Question

Best alignment software for mapping short DNA reads to transcriptome?

0

Entering edit mode

5.5 years ago

Joel Wallenius ▴ 220

Hello!

I googled but found only issues of RNA read quantification, which is fair enough but not the help I would like. I'm just curious what percentage of my DNA reads are within my organism's transcriptome.

I was going to do it with BWA but then I read that BWA is for short reads vs a large genome, and the transcriptome is obviously not as large as the corresponding genome...

Suggestions?

Big thanks in advance!

Joel

alignment Transcriptome DNA • 1.7k views

ADD COMMENT • link 5.5 years ago by Joel Wallenius ▴ 220

0

Entering edit mode

If you are aligning to transcriptome why not use salmon or kallisto instead?

That said, when possible you should always align to the genome and then account for reads falling in expressed part using a counting program like featureCounts.

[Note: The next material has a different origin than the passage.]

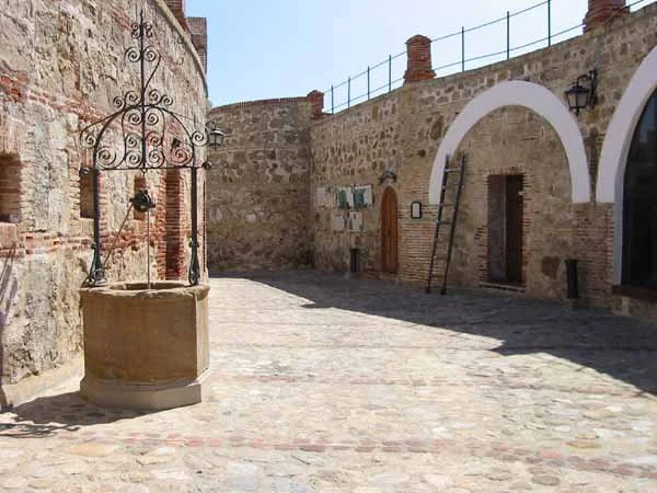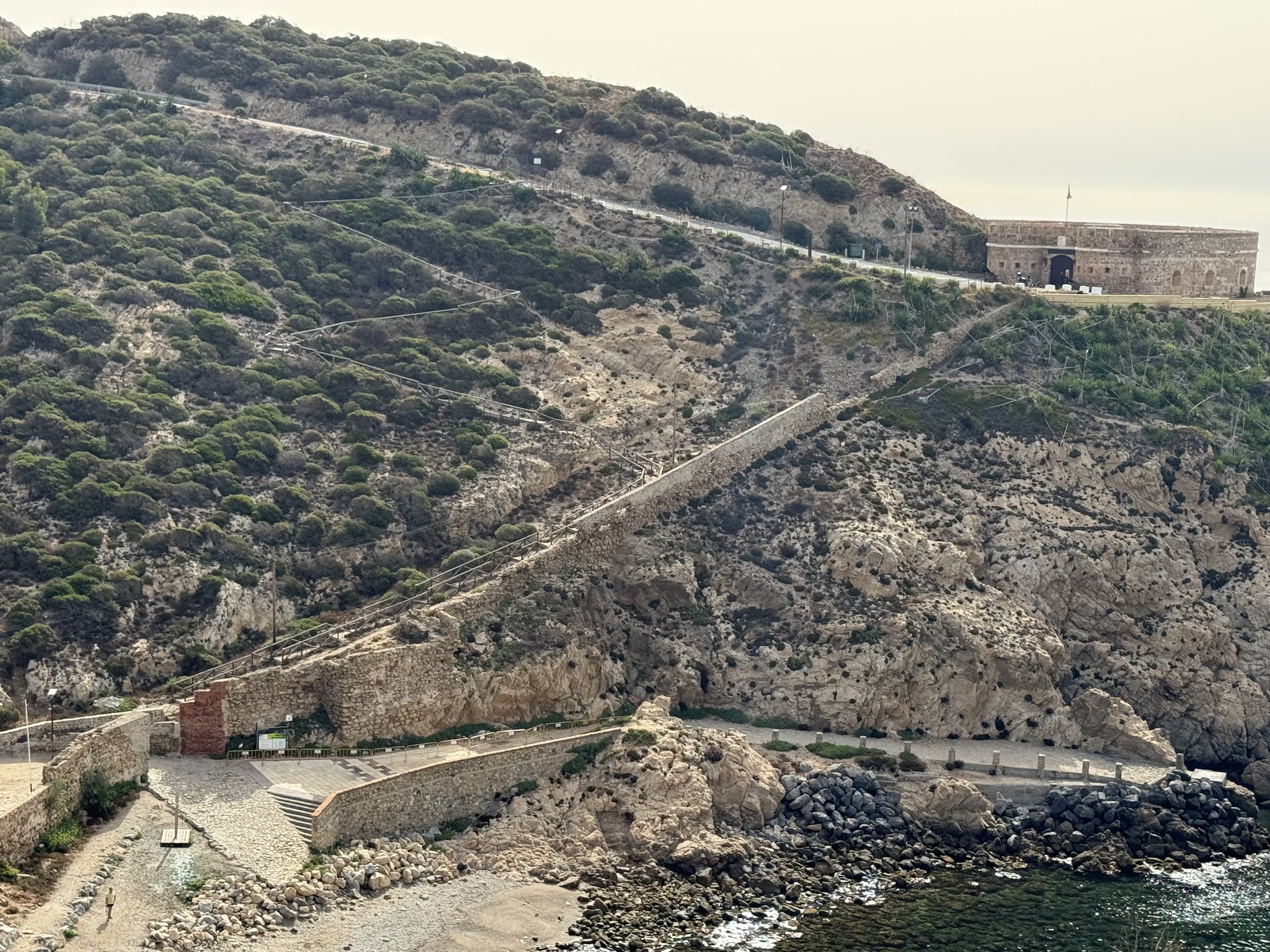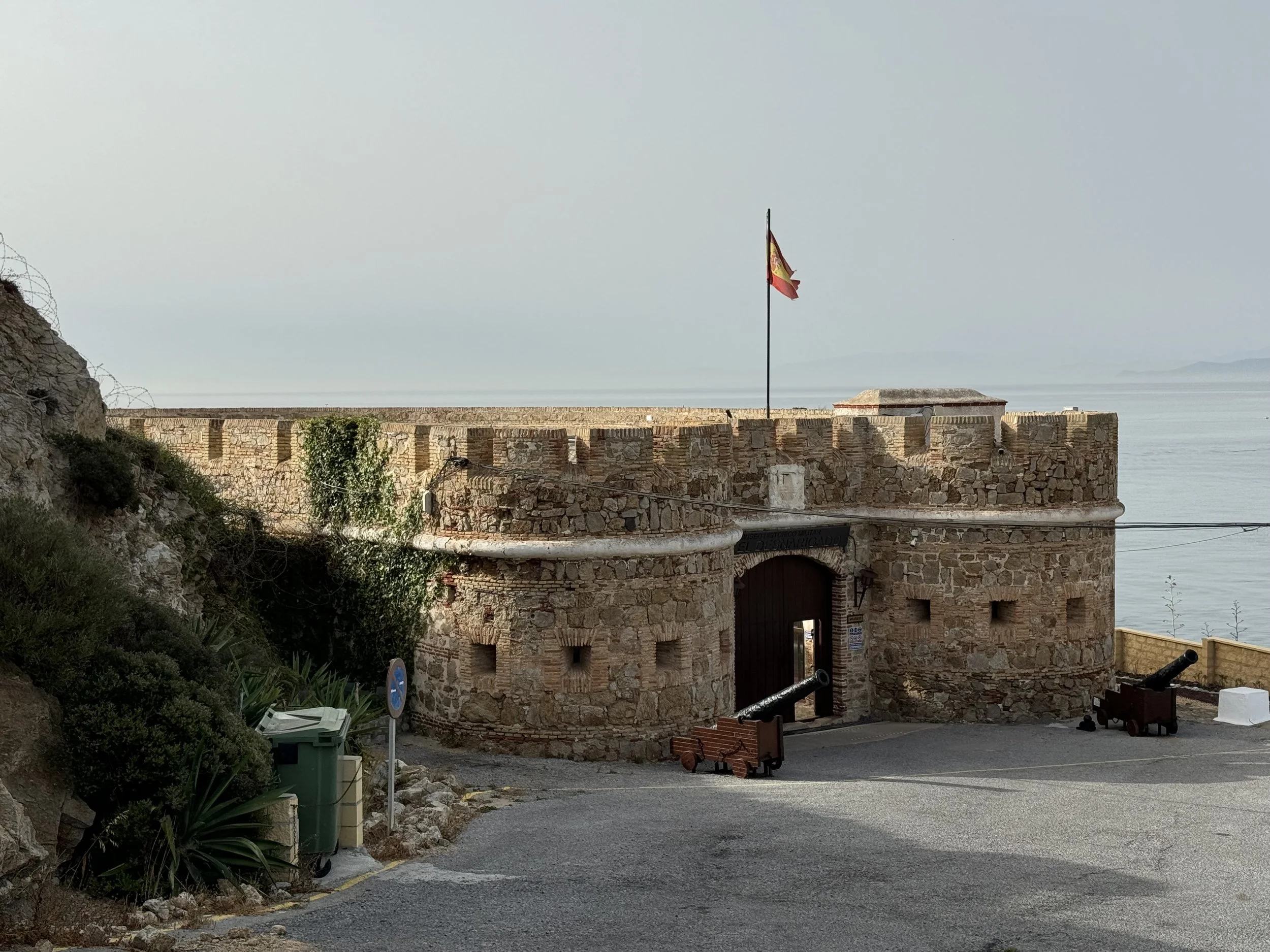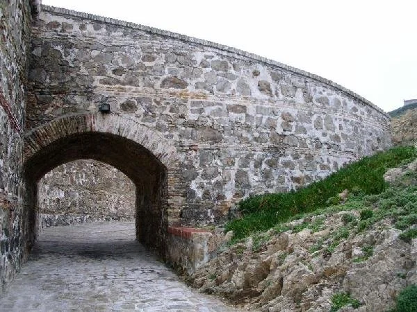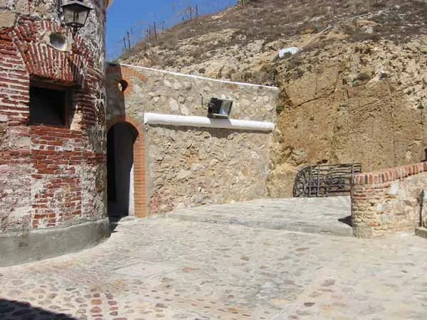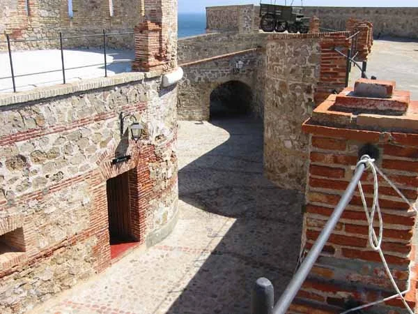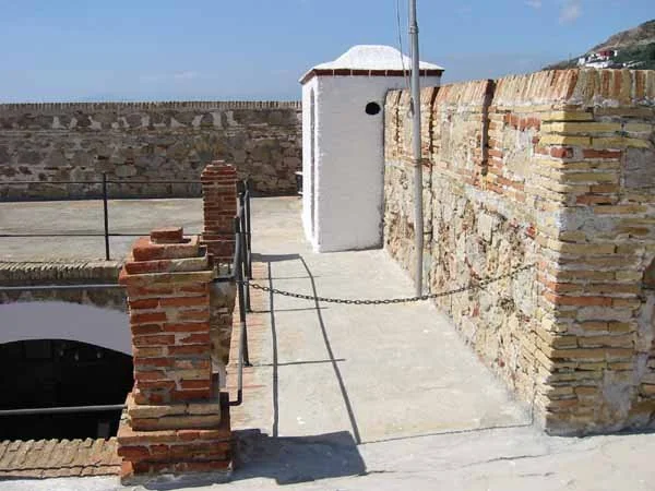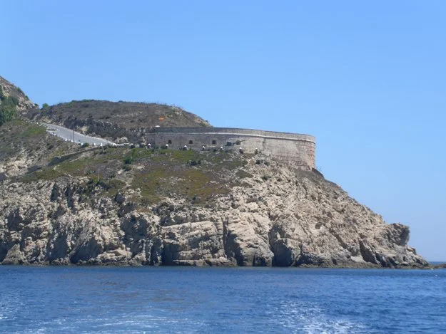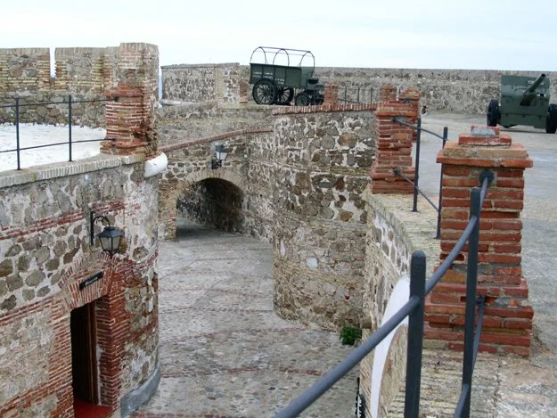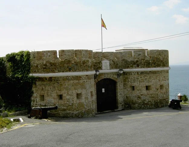 Fuerte de artillería costera moderno, diseñado conforme a los requisitos de la mitad del siglo XIX, con casamatas para emplazar las piezas principales. Está localizado en la esquina sudeste del monte Hacho. El denominado “Castillo del Desnarigado” corresponde a una fortaleza moderna, datando su estructura actual de 1863 o 1864 . Su planta presenta una interesante adaptación topográfica, lo que genera una forma que podría denominarse como orgánica, sinuosa y alargada en la parte correspondiente a las baterías acasamatadas, con otras construcciones complementarias y patios, tanto interior como lateral. Se trata de uno de los “pequeños fuertes, mejor que “reductos acasamatados” que recogen los estados técnicos de mediados del siglo XIX para la defensa costera. Tiene la fortificación una superficie de 1.280 m2. El material empleado en su construcción fue la piedra (extraída en su totalidad de las inmediatas canteras, situadas a unas decenas de metros hacia en NE) y el ladrillo macizo unidos mediante argamasa compuesta de cal, arena y pequeñas piedrecillas de las playas próximas. El Fuerte consta de dos cuerpos con planta similar a una corona circular unidos por el NO mediante un muero donde se practicó la Puerta Principal. Sobre su Puerta Principal se encuentra una reproducción del Escudo de España vigente desde la anexión de Portugal en época de Felipe II (1.581) hasta finales del siglo XVII (reinado de Carlos II). Dicha puerta está flanqueada por dos torreones de 6 metros de altura, coronados de almenas, y con 5 troneras para la fusilería a unos 2 metros de la base. La torre derecha, mantiene su estructura original con los elementos suprimidos en su gemela y escalera que se prolonga hasta la azotea del cuerpo Oeste.

ADD REPLY • link 5.5 years ago by GenoMax 152k

0

Entering edit mode

There is no reference genome I'm afraid... the dinoflagellate genome is enormous, I find only bits and pieces of it at NCBI. I have the transcriptome only

The transcriptome is CDS, sadly. I suppose this introduces a risk of false positives as the organism is a eukaryote, with exons all over the place. I don't need exact numbers though, so maybe that's fine. Regardless I don't see what options I have, really. There is no other reference... (I might be able to get my hands on the reads that built the transcriptome though).

ADD REPLY • link 5.5 years ago by Joel Wallenius ▴ 220

0

Entering edit mode

Have you looked to see if NCBI has any EST datasets you could potentially use as a stand in?

ADD REPLY • link 5.5 years ago by GenoMax 152k

0

Entering edit mode

How would that help? I'm unfamiliar with ESTs but based on what Wikipedia says they're just fragments of cDNA, i.e. they map to transcripts, so they're having the same problem my cDNA sequences in my transcriptome do. :( Am I missing something?

ADD REPLY • link 5.5 years ago by Joel Wallenius ▴ 220

0

Entering edit mode

EST's would be better than using single exons/CDS's to count but that is about it. Ideally you should be do an RNAseq project of your own and then assembling your own transcriptome to get more definitive answers. I am curious as to why you just did DNA sequencing or is this actually an RNA sequencing project (RNA --> DNA --> sequenced).

ADD REPLY • link 5.5 years ago by GenoMax 152k

0

Entering edit mode

I joined this project late so I can't motivate the reasons why we have the data we have. We have RADseq DNA reads from all over the genome, and now we want to know approximately what percentage of those reads are within coding DNA. I can't think of a better analysis than mapping to CDS or ESTs, despite the flaws.

ADD REPLY • link 5.5 years ago by Joel Wallenius ▴ 220

0

Entering edit mode

That is a really unusual application of RADseq data. For a genome that has no genome/transcriptome available. Do the best you can is the only thing to say here.